Home > Software design >  Python WebDriver: find_element() not finding the element
Python WebDriver: find_element() not finding the element

Time:06-15

I'm learning the very basics of Web Scraping by following Chapter 12 of Automate the boring stuff with Python, but I'm having an issue with the find_element() method. When I use the method to look for an element with the class name 'card-img-top cover-thumb', the method doesn't return any matches. However, the code does work for URL's other than the example in the book.

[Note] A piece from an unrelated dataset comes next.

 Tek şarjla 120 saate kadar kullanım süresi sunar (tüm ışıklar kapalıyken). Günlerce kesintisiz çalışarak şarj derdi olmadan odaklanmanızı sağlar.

I have had to make quite a few changes to the code as-written in order to get the code to do anything. I've posted the full code on GitHub HERE, but to summarise:

  • The book says to use 'find_element_by_*' methods, but these were producing depreciation messages that directed me to use find_element() instead.

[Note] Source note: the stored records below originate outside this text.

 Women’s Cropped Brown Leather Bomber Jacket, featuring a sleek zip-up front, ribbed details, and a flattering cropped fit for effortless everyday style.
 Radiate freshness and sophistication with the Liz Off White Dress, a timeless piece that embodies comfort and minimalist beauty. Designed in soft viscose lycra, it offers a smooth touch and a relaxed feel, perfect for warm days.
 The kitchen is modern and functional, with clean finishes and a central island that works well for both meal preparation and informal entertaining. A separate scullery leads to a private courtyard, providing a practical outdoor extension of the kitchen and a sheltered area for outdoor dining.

  • To use this other method, I import 'By'.

  • I also import 'Service' from 'Selenium.Webdriver.Chrome.Service' because Chromedriver doesn't work otherwise.

  • I also define options with Webdriver.ChromeOptions() that hide certain error messages about a faulty device which apparently you're just supposed to ignore?

  • I put the code from the book into a function with 'url' and 'classname' arguments so I can test different url's without having to edit the code repeatedly.

Here is the 'business-part' of the code:

from selenium import webdriver
from selenium.webdriver.chrome.service import Service  
from selenium.webdriver.common.by import By

s=Service(r'C:\Users\antse\AppData\Local\Chrome_WebDriver\chromedriver.exe')

op = webdriver.ChromeOptions()
op.add_experimental_option('excludeSwitches', ['enable-logging'])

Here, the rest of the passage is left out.